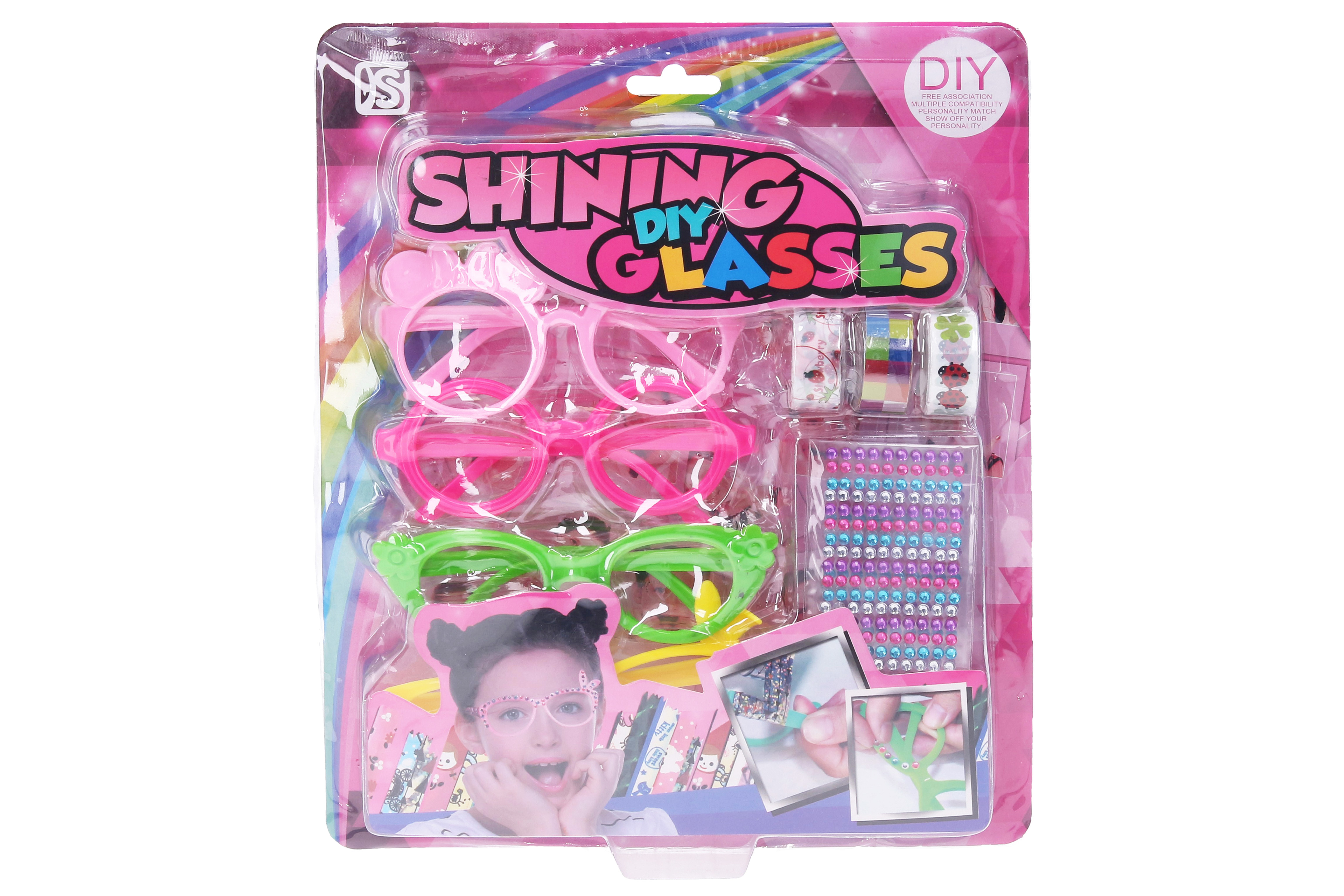 Módní set s brýlemi. Součástí 4 brýle, lepící pásky, kamínky.
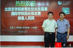 [张志勇]:大家好,主持人好。我来自世俱杯sjb官网国际学院。世俱杯sjb官网国际学院成立于2003年,已经有12年的历史了,它是世俱杯sjb官网的二级学院,在我们校本部办学。国际学院是我们学校最主要的国际化教育的平台。它的主要任务是引进国外先进的教育资源,采用国际化的办学模式和质量管理体系进行中外办学,目前有三个专业,有两个是和英国的哈珀亚当斯大学合作,一个是和澳大利亚的伊迪斯科文大学合作。这三个专业分别是,英国的两个是国际经济与贸易和食品科学与管理,澳大利亚伊迪斯科文大学这个是环境科学与管理。这三个专业都是实行“3+1”,即三年在国内学习,一年在国外学习,通过这种模式完成相关的学习任务,同时获得世俱杯sjb官网和国外合作院校的两个学位证书。
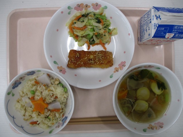 ちなみに6日(月)は、十五夜献立でした。(里芋ご飯、イカの竜田揚げ、野菜のごまみそ和え、月見汁)
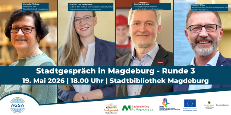 Die Auslandsgesellschaft Sachsen-Anhalt (AGSA) und der Stadtmarketingverein „Pro Magdeburg“ haben Anfang des Jahres 2026 mit dem „Stadtgespräch“ eine neue Veranstaltungsreihe ins Leben gerufen, die den öffentlichen Diskurs zum Thema Weltoffenheit in Magdeburg fördert.
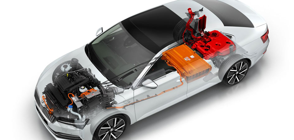 Nový vůz Škoda Superb iV je prvním sériově vyráběným modelem značky Škoda s plug‑in hybridní technologií. Kombinace výkonného spalovacího motoru a elektromotoru nabízí ekologickou jízdu při zachování maximálního výkonu. Baterie má kapacitu 37 Ah, respektive 13 kWh, emise CO2 činí méně než 40 g/km. Dojezd v čistě elektrickém režimu činí až 55 km dle cyklu WLTP. Škoda Superb iV plní emisní normu Euro 6d‑TEMP.
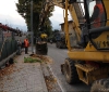 This afternoon work started on cutting down eight of the Lime trees lining both sides of the narrow Via Funai. The trees which have stood for more than a century are being cut down to make space for a number of passing places so that traffic can pass in both directions.
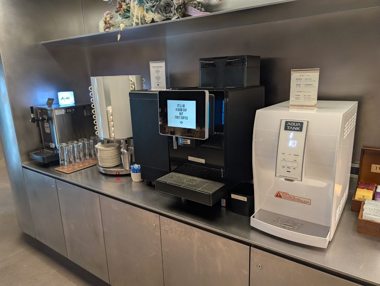 As for drinks, there was a digital coffee machine, self-pouring beer tap, and a hot and cold water dispenser.
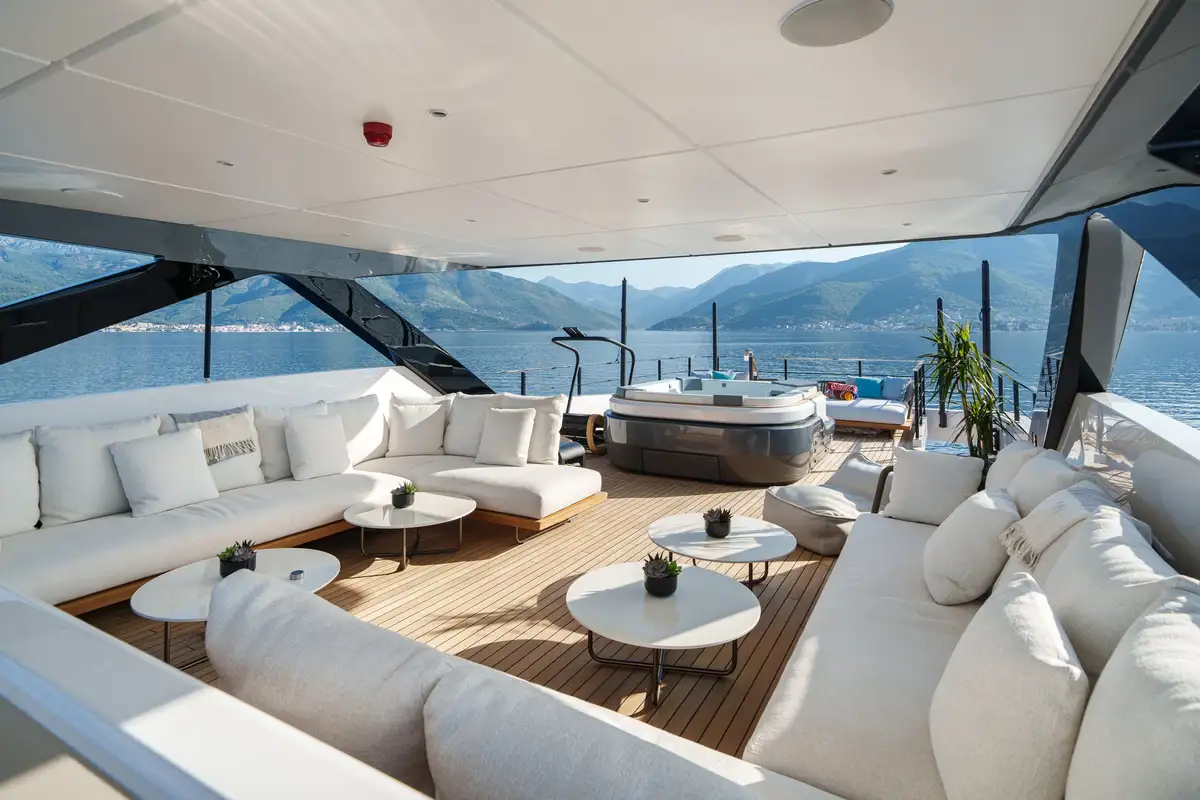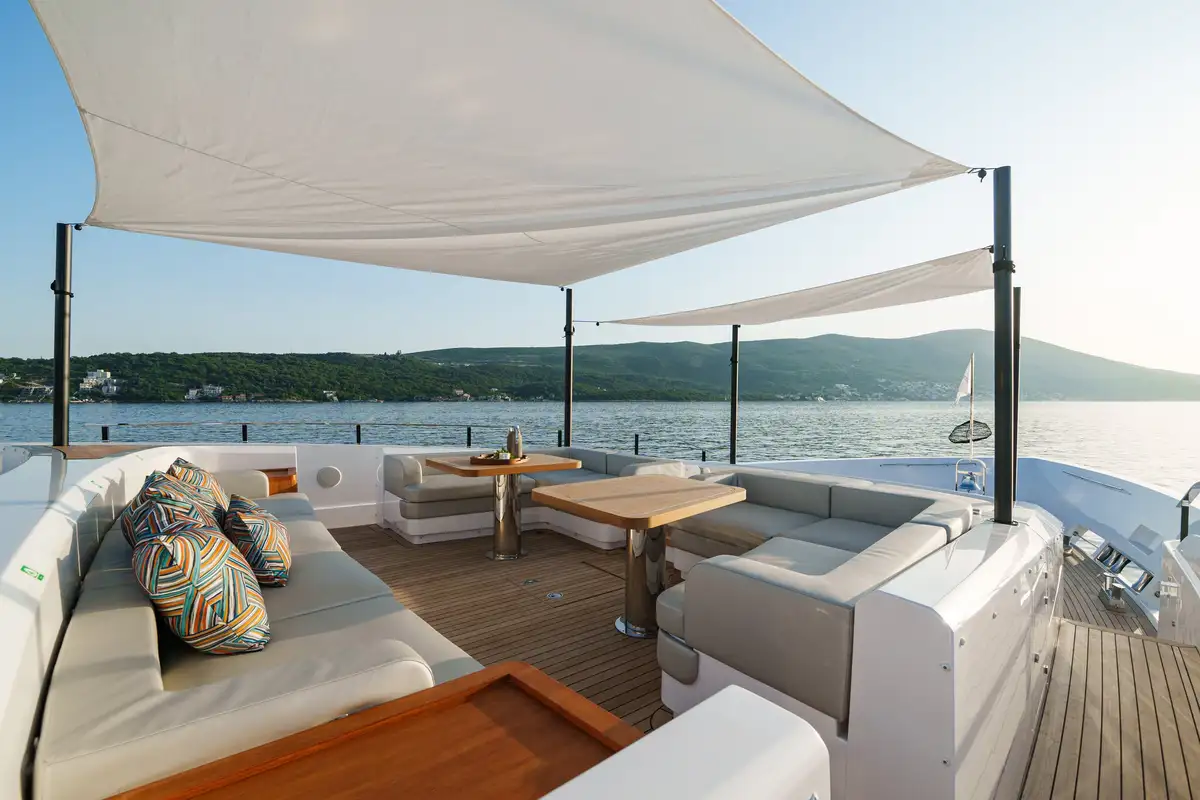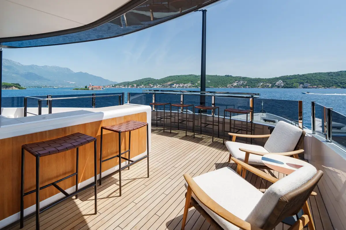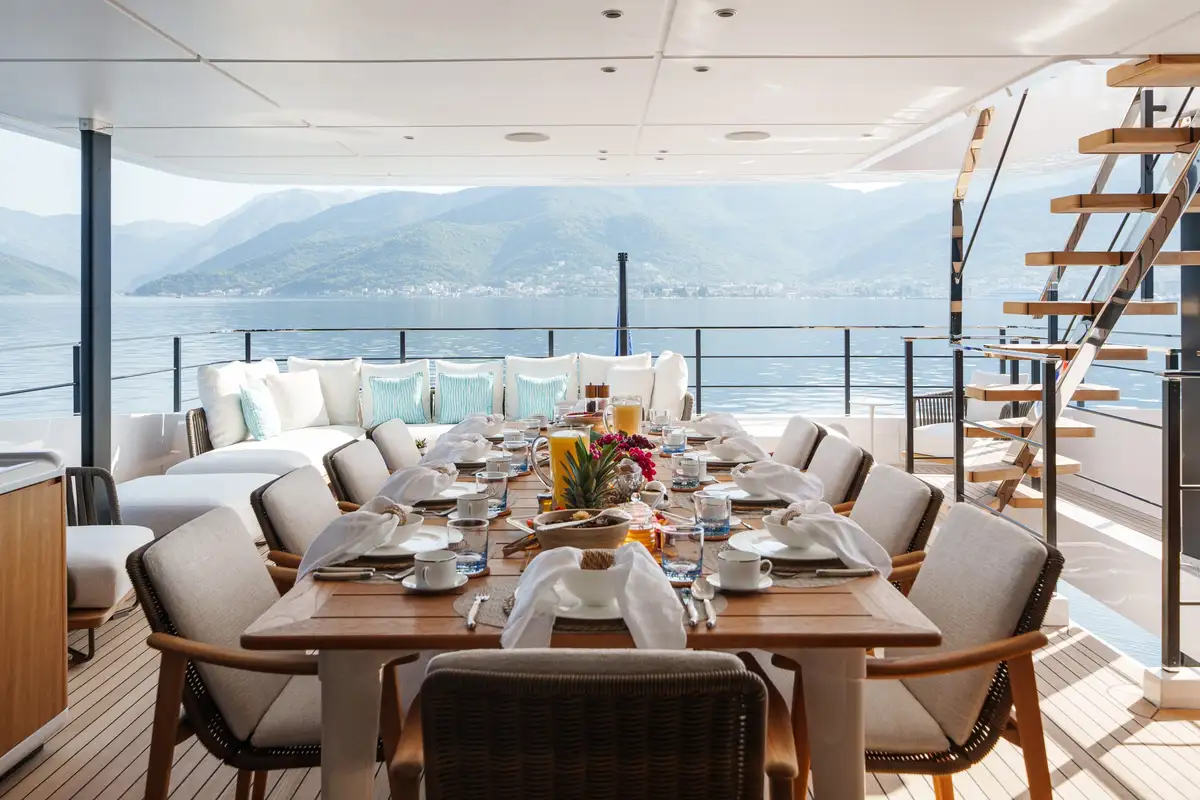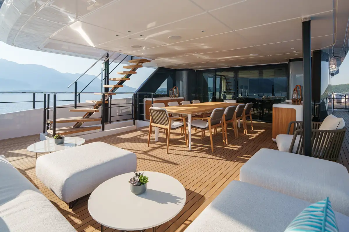 The main salon offers an elegant atmosphere, complete with a large L-shaped couch and a floor-to-ceiling sliding door that opens to a fold-down balcony. This unique feature blurs the line between indoor and outdoor living, creating a seamless flow to her open-plan layout, where a formal dining area awaits. Above, the sky lounge offers another area for relaxation, featuring cascading glass doors that lead to a spacious aft dining deck, ensuring every moment onboard feels connected to the cruising grounds.
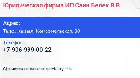 Юридическая фирма, ИП Саин-Белек В.В. в Кызыле
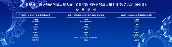 本届大赛以“数据赋能,智领未来”为主题,聚焦数据赋能新型工业化领域,联合中山大学先进制造学院、中国检验认证集团山东有限公司、北京清竞智能科技有限公司、湖南兴蓝风电有限公司、国网湖南省电力有限公司电力科学研究院、美云智数科技有限公司设立“大模型—工业多重场景挑战”赛题;联合美云智数科技有限公司设立“柔性制造—电子产品产线排产智能调度”赛题;联合安徽海行云物联科技有限公司设立“数字孪生—制造设备预知性维护”赛题。历时6个月的初赛、复赛和决赛答辩,最终27支获奖队伍从2700余支队伍中脱颖而出,分获大赛一、二、三等奖。
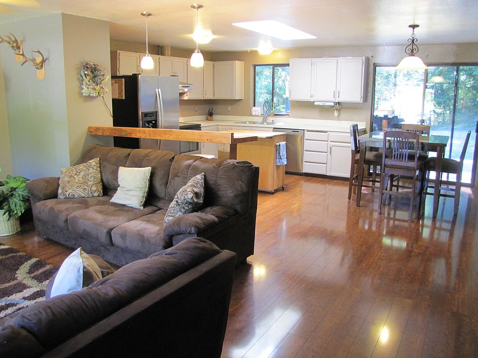 Charming home recently remodeled. Open floor plan with new flooring and trim. Kitchen with new stainless steel appliances overlooks family room with bar top for casual dining. Family room has a cozy fireplace with exquisite Alder mantle and Travertine hearth. Bonus room off main living area offers 245 sq. ft. of space and connects to the mud room and attached two car garage. Just off the bonus room is a quaint space for a den or office. Private gated beach and lake access with boat launch.
· · · · · · ·
» WHAT IS REQUIRED
Output all of the records word for word, and keep the pictures out of the copy.

» ANSWER BELOW
 Módní set s brýlemi. Součástí 4 brýle, lepící pásky, kamínky.
 [张志勇]:大家好,主持人好。我来自世俱杯sjb官网国际学院。世俱杯sjb官网国际学院成立于2003年,已经有12年的历史了,它是世俱杯sjb官网的二级学院,在我们校本部办学。国际学院是我们学校最主要的国际化教育的平台。它的主要任务是引进国外先进的教育资源,采用国际化的办学模式和质量管理体系进行中外办学,目前有三个专业,有两个是和英国的哈珀亚当斯大学合作,一个是和澳大利亚的伊迪斯科文大学合作。这三个专业分别是,英国的两个是国际经济与贸易和食品科学与管理,澳大利亚伊迪斯科文大学这个是环境科学与管理。这三个专业都是实行“3+1”,即三年在国内学习,一年在国外学习,通过这种模式完成相关的学习任务,同时获得世俱杯sjb官网和国外合作院校的两个学位证书。
 ちなみに6日(月)は、十五夜献立でした。(里芋ご飯、イカの竜田揚げ、野菜のごまみそ和え、月見汁)
 Die Auslandsgesellschaft Sachsen-Anhalt (AGSA) und der Stadtmarketingverein „Pro Magdeburg“ haben Anfang des Jahres 2026 mit dem „Stadtgespräch“ eine neue Veranstaltungsreihe ins Leben gerufen, die den öffentlichen Diskurs zum Thema Weltoffenheit in Magdeburg fördert.
 Nový vůz Škoda Superb iV je prvním sériově vyráběným modelem značky Škoda s plug‑in hybridní technologií. Kombinace výkonného spalovacího motoru a elektromotoru nabízí ekologickou jízdu při zachování maximálního výkonu. Baterie má kapacitu 37 Ah, respektive 13 kWh, emise CO2 činí méně než 40 g/km. Dojezd v čistě elektrickém režimu činí až 55 km dle cyklu WLTP. Škoda Superb iV plní emisní normu Euro 6d‑TEMP.
 This afternoon work started on cutting down eight of the Lime trees lining both sides of the narrow Via Funai. The trees which have stood for more than a century are being cut down to make space for a number of passing places so that traffic can pass in both directions.
 As for drinks, there was a digital coffee machine, self-pouring beer tap, and a hot and cold water dispenser.
 The main salon offers an elegant atmosphere, complete with a large L-shaped couch and a floor-to-ceiling sliding door that opens to a fold-down balcony. This unique feature blurs the line between indoor and outdoor living, creating a seamless flow to her open-plan layout, where a formal dining area awaits. Above, the sky lounge offers another area for relaxation, featuring cascading glass doors that lead to a spacious aft dining deck, ensuring every moment onboard feels connected to the cruising grounds.
 Юридическая фирма, ИП Саин-Белек В.В. в Кызыле
 本届大赛以“数据赋能,智领未来”为主题,聚焦数据赋能新型工业化领域,联合中山大学先进制造学院、中国检验认证集团山东有限公司、北京清竞智能科技有限公司、湖南兴蓝风电有限公司、国网湖南省电力有限公司电力科学研究院、美云智数科技有限公司设立“大模型—工业多重场景挑战”赛题;联合美云智数科技有限公司设立“柔性制造—电子产品产线排产智能调度”赛题;联合安徽海行云物联科技有限公司设立“数字孪生—制造设备预知性维护”赛题。历时6个月的初赛、复赛和决赛答辩,最终27支获奖队伍从2700余支队伍中脱颖而出,分获大赛一、二、三等奖。
 Charming home recently remodeled. Open floor plan with new flooring and trim. Kitchen with new stainless steel appliances overlooks family room with bar top for casual dining. Family room has a cozy fireplace with exquisite Alder mantle and Travertine hearth. Bonus room off main living area offers 245 sq. ft. of space and connects to the mud room and attached two car garage. Just off the bonus room is a quaint space for a den or office. Private gated beach and lake access with boat launch.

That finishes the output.